Di harapkan setelah membaca makalah, pembaca dapat mengetahui
tentang sejarah dan peran andil dinasti Ayyubiyah dan Mamlukiyyah terhadap islam,
serta dapat mengambil ibrah/pelajaran dari apa yang telah terjadi pada Dinasti
Ayyubiyah dan Mamlukuyah untuk masa depan yang lebih baik.
BAB
2
PEMBAHASAN
1. DINASTI AYYUBIYAH
A. Berdirinya Dinasti Ayyubiyah
Salahuddin al ayyubui, bapak dari dinasti ini berasal dari suku
kurdi hadzbani, meskipun keluarga ini tampaknya telah banyak ter-turki-kan
berkat pengabdian mereka sebagai serdadu turki. Panglima turki di mosul dan
aleppo, Zangi ibn sanqur banyak selaki mengambil dari suku kurdi yang suka
beperang sebagai abdinya, termasuk pada tahun 532 H/1138 M Salahuddin al ayyubi
dan ta lama kemudian saudaranya syirkuh mengabdi pada putera Zangki yang
bernama Nurudin. Pada tahun 564 H/1169 M syirkuh menguasai mesir, tetapi
meninggal tak lama kemudian, dan kemenakannya salahuddin diakui oleh tentara
sebagai penggantinya.
Karenanya Salahuddin adalah pendiri dinasti Ayyubiyah. Dia
menghapuskan jejak- jejak terakhir
kekuasaan Fathimiah di Mesir dan mempromosikan di bekas wilayah kekuasaan
Fathimiyyah suatu kebijaksanaan pendidikan dan keagamaan sunni yang kuat. Kemenangan
ayyubiyah di bekas wilayah fatimiyyah menyempurnakan arah reaksi sunni ortodok
di bawah seljuk telah menyebabkan tumbanggnya syi’isme politis di bekas wilayah
buwihiyah. Aspek lain dari kebikaksaan salahudin adalah melancarkan jihad
terhadap tentara-tentara salib, suatu kebijakanaan membuat antusiasme islam
bersatu di belakangnya dan membuat dirinya mampu mempersatukan tentara turki
kurdi dan arab di jalan yang sama. Dengan kemenanga haththin pada tahun 583
H/1187M, kota suci Yerusalem sekali lagi menjadi muslim setelah 80 tahun, dan
orang-orang Frank tersingkirkan meskipun hanya untuk sementara, dan hampir smua
milik mereka kecuali untuk beberapa kota pantai[1].
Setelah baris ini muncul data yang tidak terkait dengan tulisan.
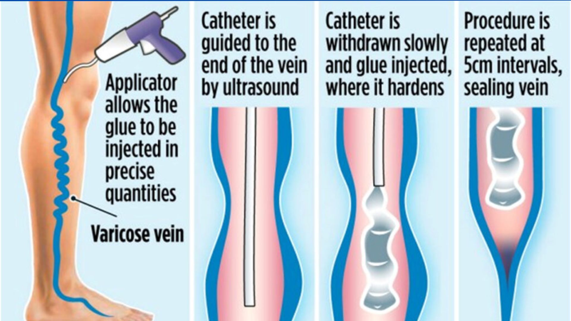 Since varicose veins may not always be visible on the surface, ultrasound is used to map and guide the procedure. Your doctor will insert a catheter to apply the medical glue.
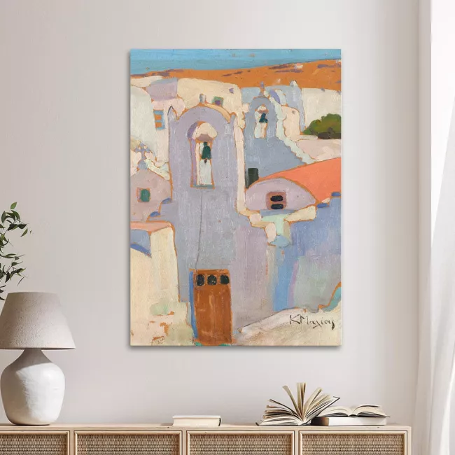 Εισάγετε την αύρα του ελληνικού καλοκαιριού στον χώρο σας με το «Κυκλαδικό τοπίο» του Μαλέα. Ένα έργο που δονείται από το φως, την καθαρότητα των μορφών και την χαρακτηριστική χρωματική παλέτα ενός από τους σπουδαιότερους Έλληνες μοντερνιστές.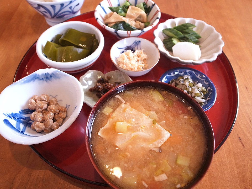 朝飯 納豆、煮昆布、揚げ湯波と小松菜の炊き合わせ、胡瓜と蕪のぬか漬け、塩鮭、たまり漬「おばあちゃんのホロホロふりかけ」、すぐき、メシ、きのうのミネストローネの残りと揚げ湯波による味噌汁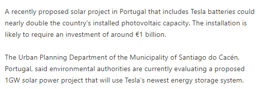 3. 포르투갈에 테슬라 배터리를 포함하는 태양열 프로젝트가 진행 중인데, 태양열 용량이 거의 두배로 늘어날 예정입니다.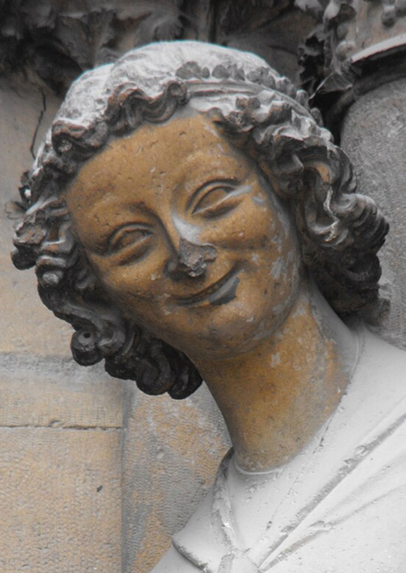 «Улыбающийся ангел», скульптура, Неизвестный мастер Реймсского собора, XIII в.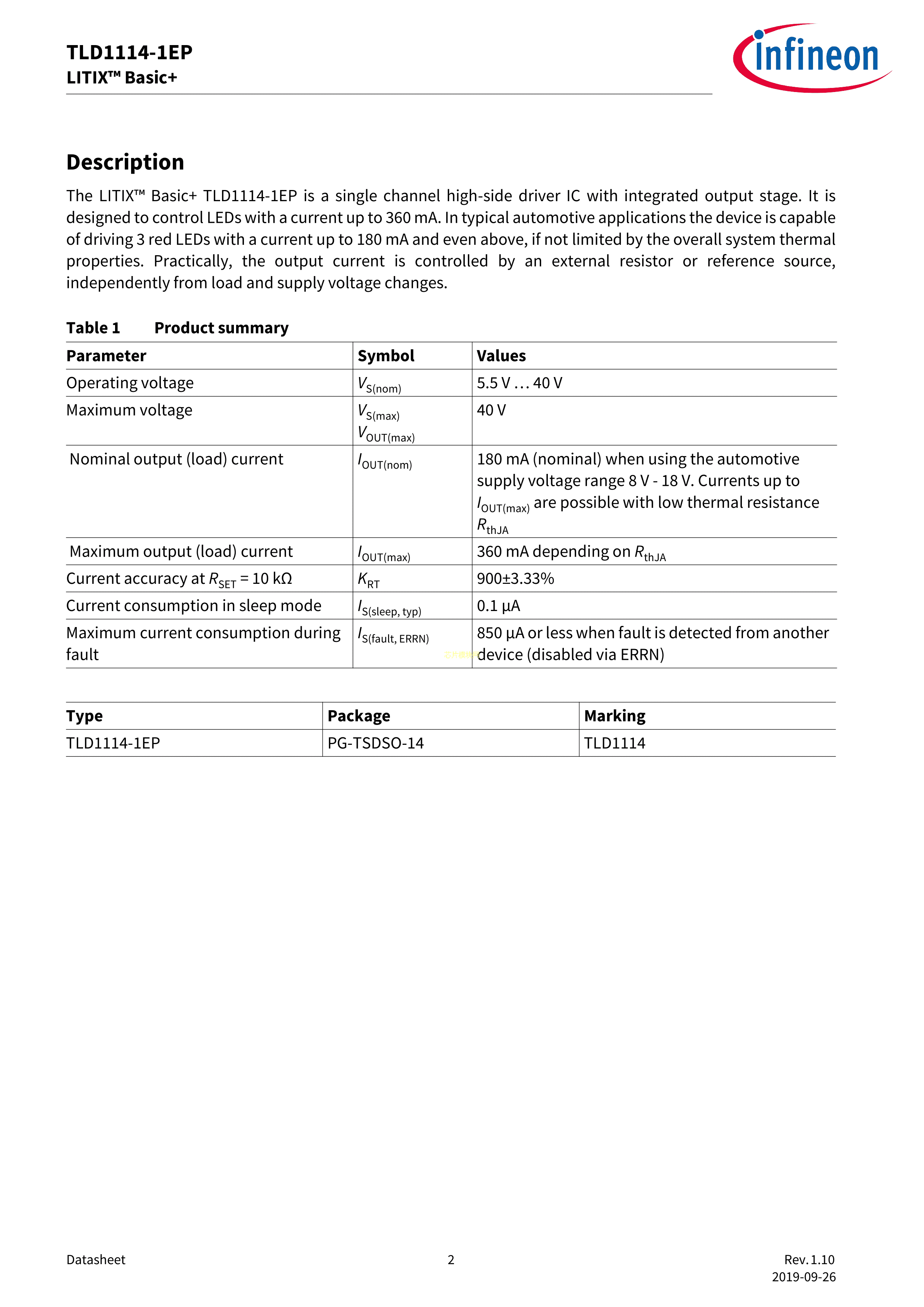 TLD1114-1EP数据手册PG-TSDSO-14封装Infineon(英飞凌)PDF规格书,中英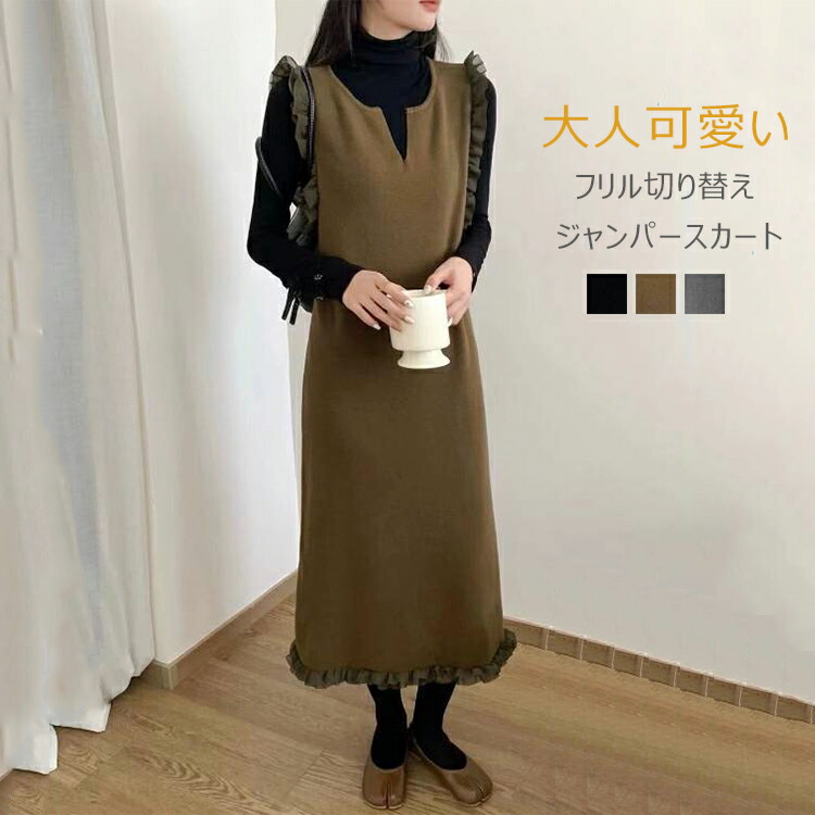ゆったり着れる肩のフリルが魅力的なジャンパースカート♪ シフォン 大人可愛い カジュアル ニットジャンパースカート ストレッチ
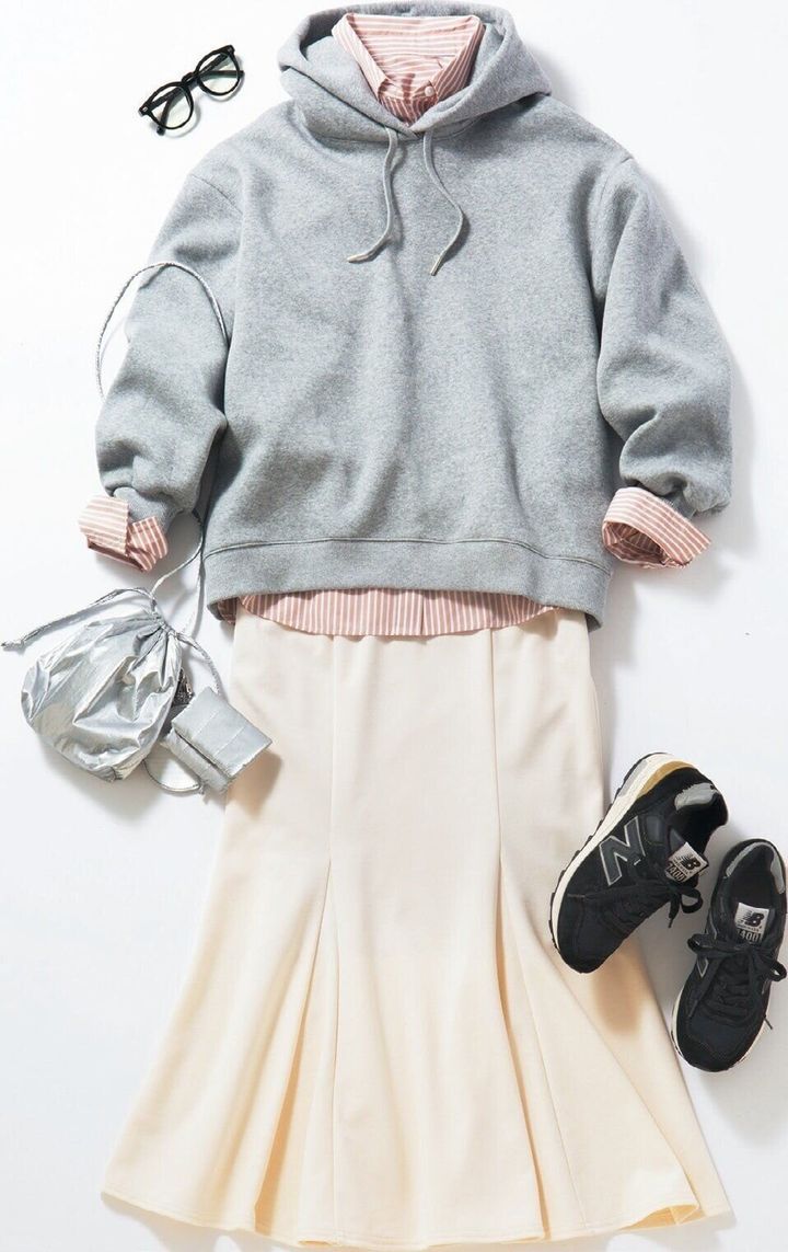 カジュアルなパーカの中に仕込んでこなれコーデに格上げ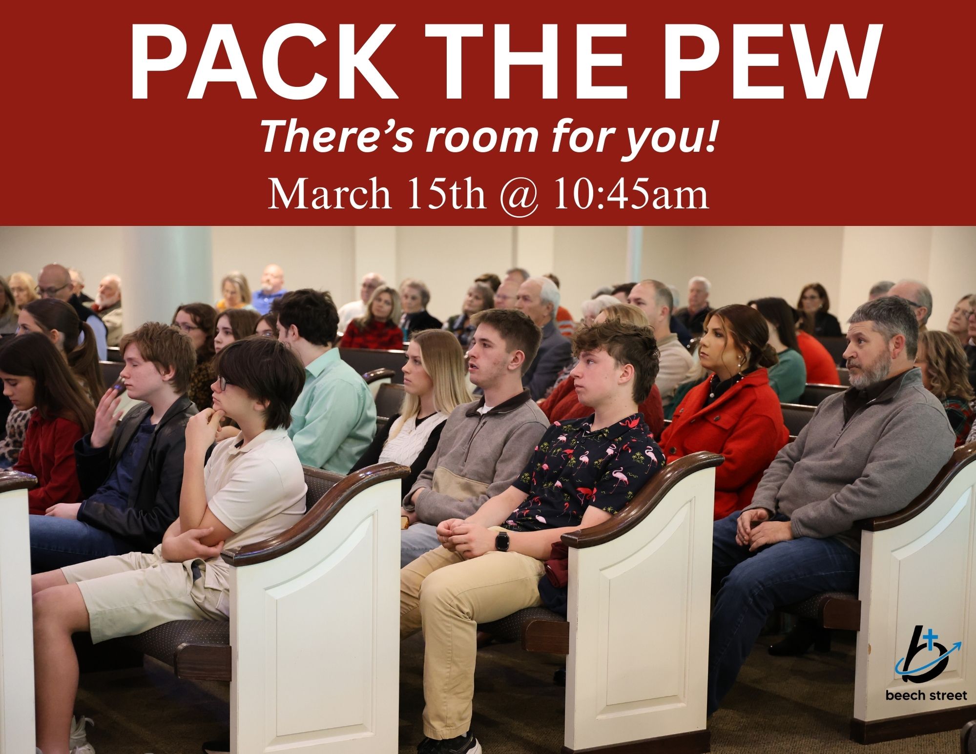Because every seat has a story, we’re setting aside an intentional Sunday to Pack the Pew! While we invite friends all year long, this is a special opportunity on March 15 to bring someone with you to worship – a friend, neighbor, coworker, or family member – and experience what God is doing at Beech Street together.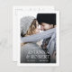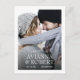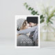 Den här minimalisten Spara vykortet för datum börjar med ditt pars foto. Det första namnen är skrivet i ett stort elegant vitt serif-teckensnitt. Spara datumet i en böjd snyggt som skrivs ovan. Datum och plats för bröllop är nedan. Din returadress är förtryckt på baksidan och det finns utrymme för ytterligare ett meddelande.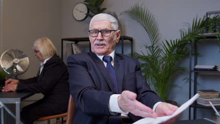 Irritated elderly man boss raising hands in questioning gesture why what in office room. Elderly entrepreneur freelancer dissatisfied with bad results of work reviewing report, documents with errors

Keberhasilan salahuddin di mesir mendorongnya menjadi penguasa
otonom. Dalam mengkosolidasikan kekuatannya, ia banyak memanfaatkan keluarganya
untuk ekspansi ke wilayah lain, seperti turansyah, saudaranya di kirim untuk
menguasai Yaman 1173 M. Taqiyuddin, keponakannya di setting untuk melawan
tentara salib yang menduduku Dimyat. Sedang Syihabuddin, pamannya, untuk
menduduki Mesir hulu (Nubia). Kematian Nurudin 1174 M menjadikan posisi
Salahuddin semakin kuat, yang akhirnya memudahkan penaklukan Syiria, termasuk
Damaskus, Aleppo dan Mosul, akhirnya pada tahun 1175 M, ia diakui sebagai
sultan atas Mesir oleh khalifah Abbasiyah[2].
B. Para
Sultan Dinasti Ayyubiyah Dan Perjuangnnya
1. Salahuddin
Al Ayubi
Di masa pemerintahan
Salahuddin, ia membina kekuatan militer yang tangguh dan perekonomian yang
berkerja sama dengan pengasa muslim di kawasan lain. Ia juga membangun benteng
kota sebagai benteng pertahanan di Kairo dan bukuit Mukattam. Pasukannya juga
diperkuat oleh pasukan Barbar, Turki dan Afrika. Disamping digalakan
perdagangan dengan kota-kota di laut tengah, lautan Hindia dan menyemournakan
sistem perpajakan. Atas dasar inilah, ia melancarkan gerakan ofensif guna
merebut Al-Quds (Yerusalem) dari tangan tentara Salib yang dipimpin oleh Guy de
Lusignan di Hittin, dan menguasai Yerusalem pada tahun 1187 M. Inipun tetap ta
merubah kedudukan Salahuddin, sampai akhirnya Richard membuat perjanjian
genjetan senjata yang di manfaatkannya untuk menguasai kota Acre[3].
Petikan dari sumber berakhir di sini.